Hooven shared more in a recent email interview with The Fix: “This kind of behavior is harmful to academic freedom and opposes the true mission of the university, which should be knowledge, discovery, dissemination, and preservation.”

Richardson mentioned supporting “academic freedom” in her book review, the context being “the Trump administration’s attempt to control, by force of law, how scientists speak about and approach the study of sex-related variation.”

But Hooven expressed concerns that the professor’s arguments will result in self-censorship, as well as confusion about truth itself. 

Given labels like “hateful” and “bigoted,” “Would any student in a class taught by the Harvard professor, having read her Lancet piece, feel free to write a paper that argued for a different view, of the science or politics?” she wrote on X.

The biologist has firsthand knowledge of this type of backlash as she left her position at Harvard University after being publicly castigated for saying that sex is binary. Since then, she has advocated for the academic freedom to hold unpopular opinions.   

Dr. Kurt Miceli, the medical director at Do No Harm, an organization dedicated to pushing back against harmful medical transitions for youth, offered a similar take on the debate to The Fix. 

“Speaking hard truths does not make someone a ‘bigot,’ and using ad hominem attacks only betrays the weakness of the arguments pushed by ideologues who claim ‘sex is a spectrum,’” he said. 

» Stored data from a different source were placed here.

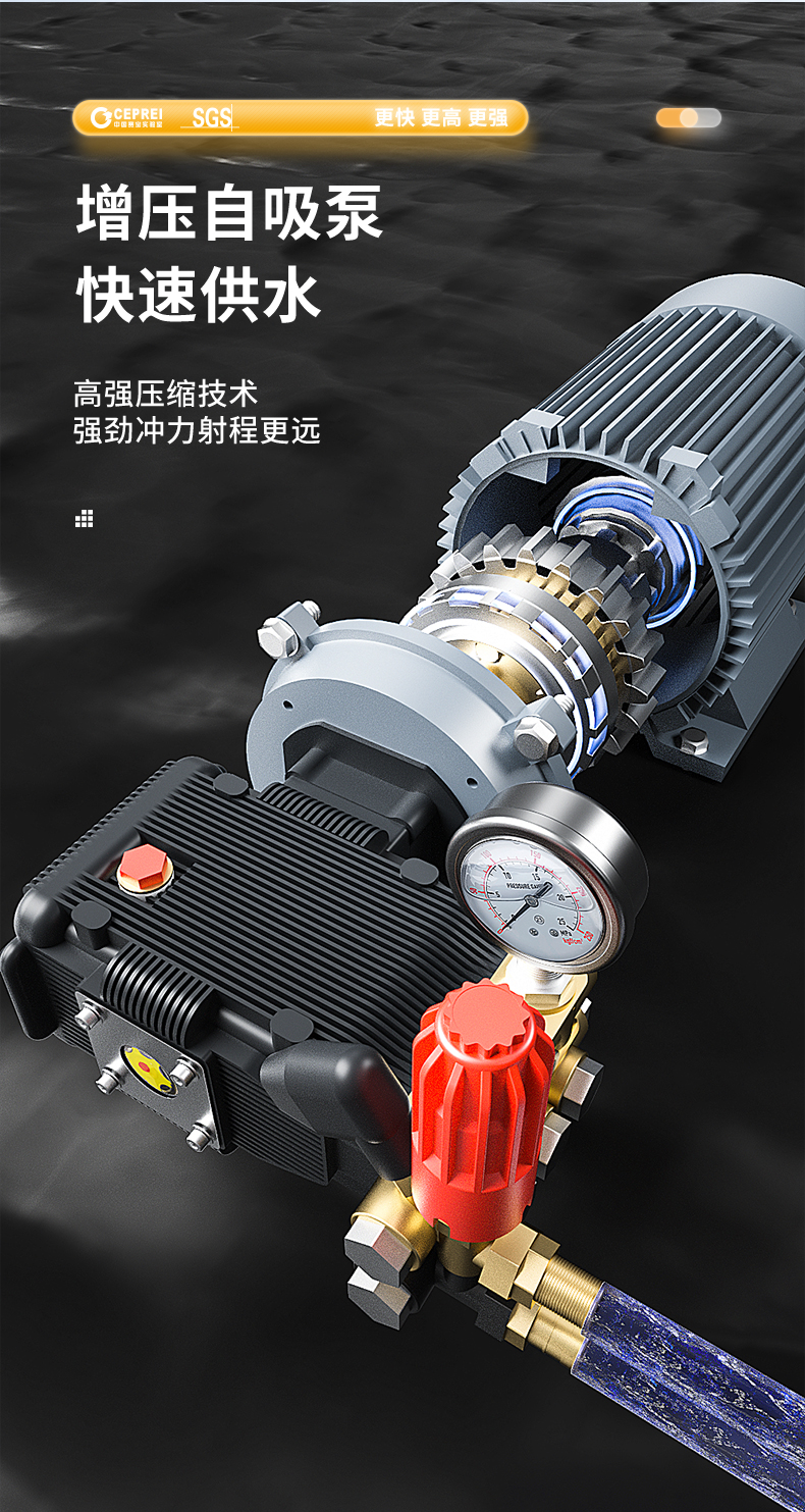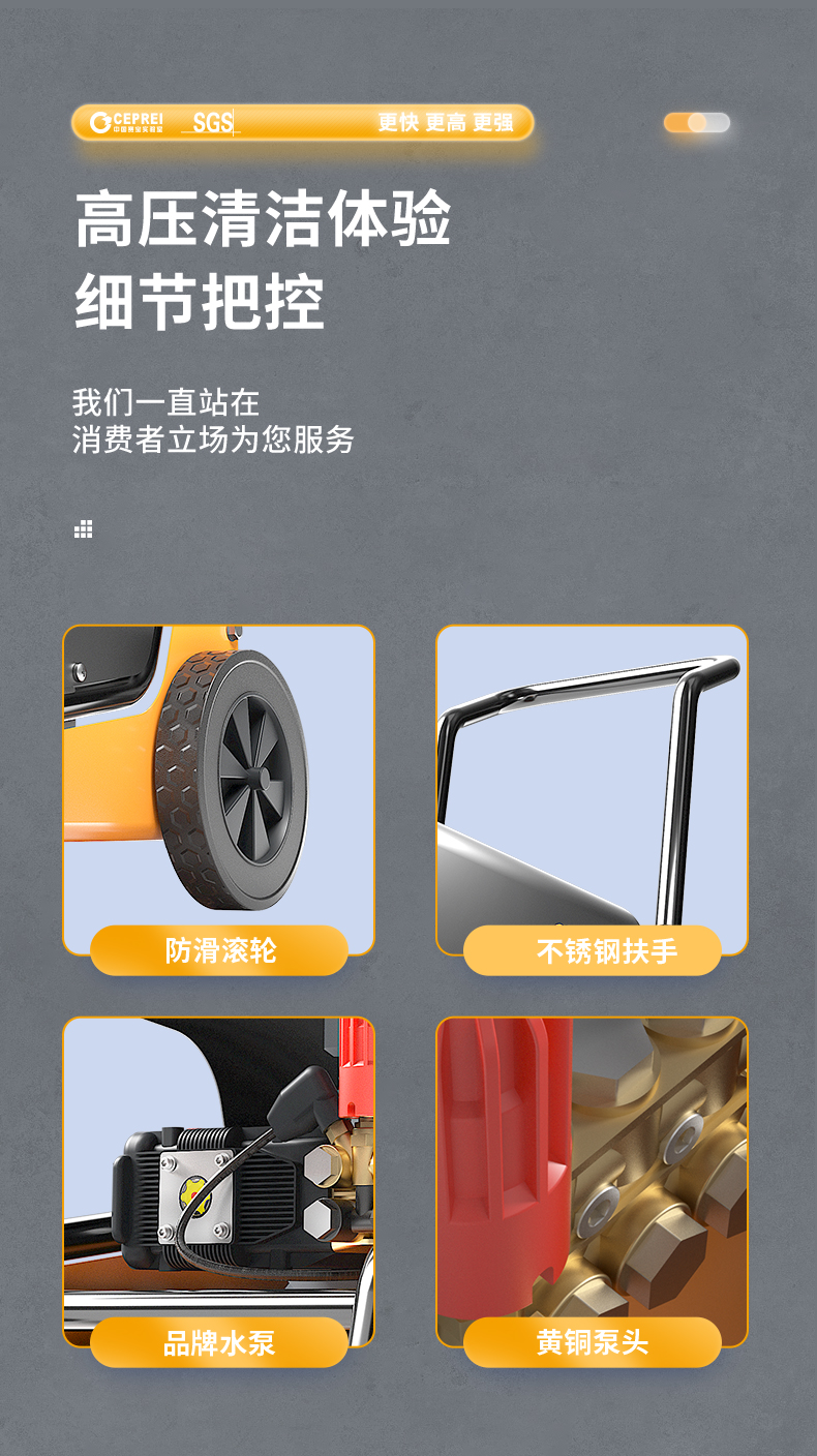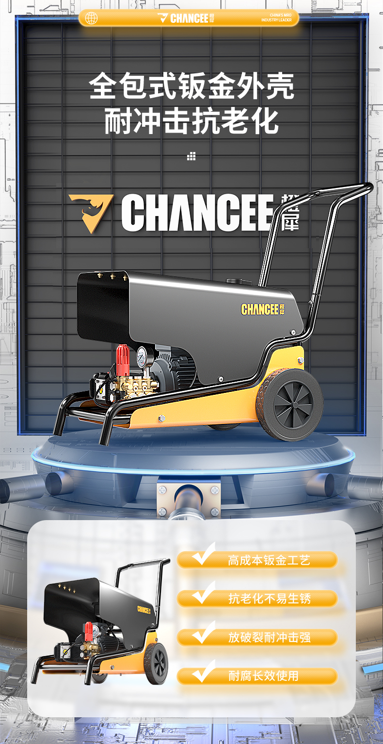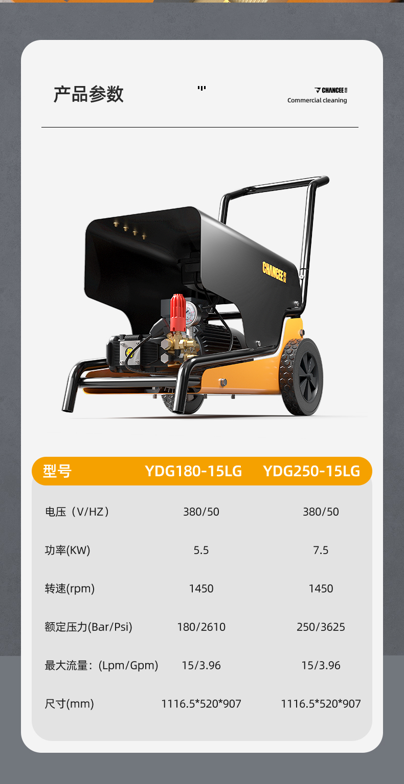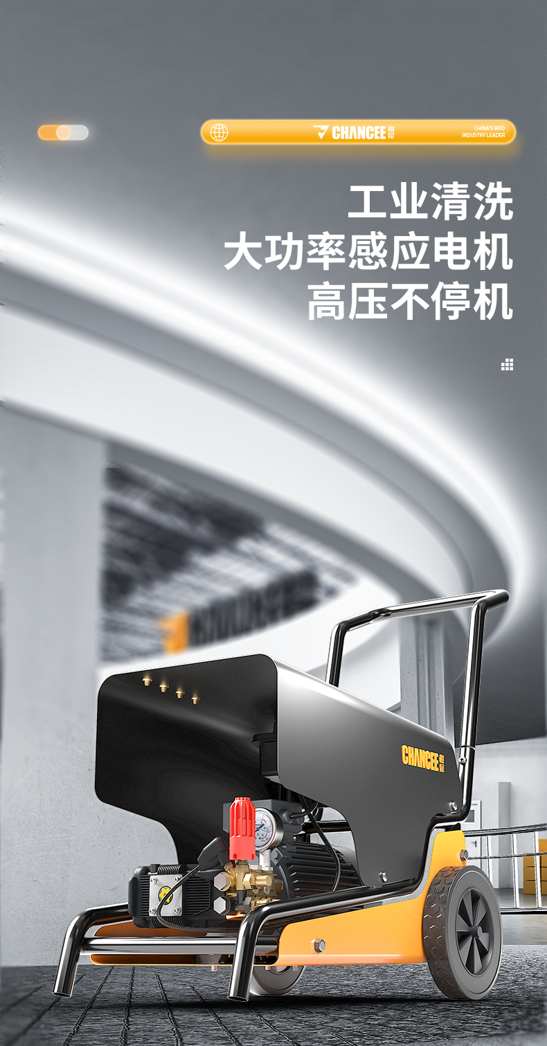 橙犀高壓清洗機 YG1815:工業清潔,大功率電機清潔高效率,防破裂耐沖擊強,耐腐蝕長效使用,還有智能高溫斷電設計,可視化調節省時省水。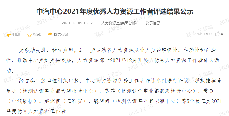 - 高潔同志獲得2021年度中汽中心宣傳工作先進個人。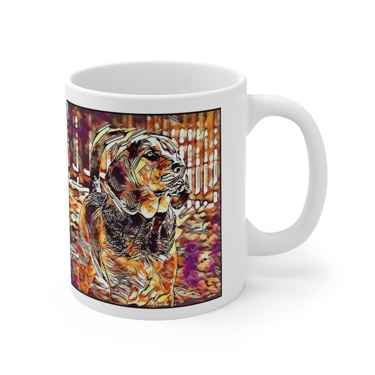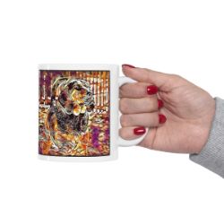 Keep cozy and warm with a nice cuppa, featuring the beloved Bloodhound dog breed stylized in our Coloromo Hipster art on a ceramic mug. Lead and BPA-free, these durable mugs are also microwave & dishwasher-safe. Made of white, resilient ceramic in an 11-ounce size, this is the perfect gift for coffee, tea, and hot chocolate lovers.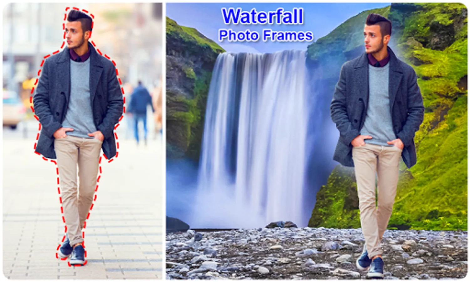 Waterfall photo frames has auto background eraser. It will help you to remove particular color object from the background with single touch.

When asked if he believes the general public’s views on the matter are shifting, Miceli expressed optimism for the future. A Pew Research poll from February found 66 percent of adults believe transgender athletes should compete “on teams that match their sex assigned at birth,” and 56 percent believe “gender transitions” for underage children should be banned.

“Thanks to the bravery of medical professionals and patients nationwide who have spoken out against pediatric medical transition, the tide is changing to end these harmful practices as well as the underlying gender ideology driving them,” he said, adding that he credits the Trump administration with much of this progress. 

However, Hooven was not so optimistic.

“I’m not sure whether things are improving, but if they are, I do not see the evidence,” she told The Fix.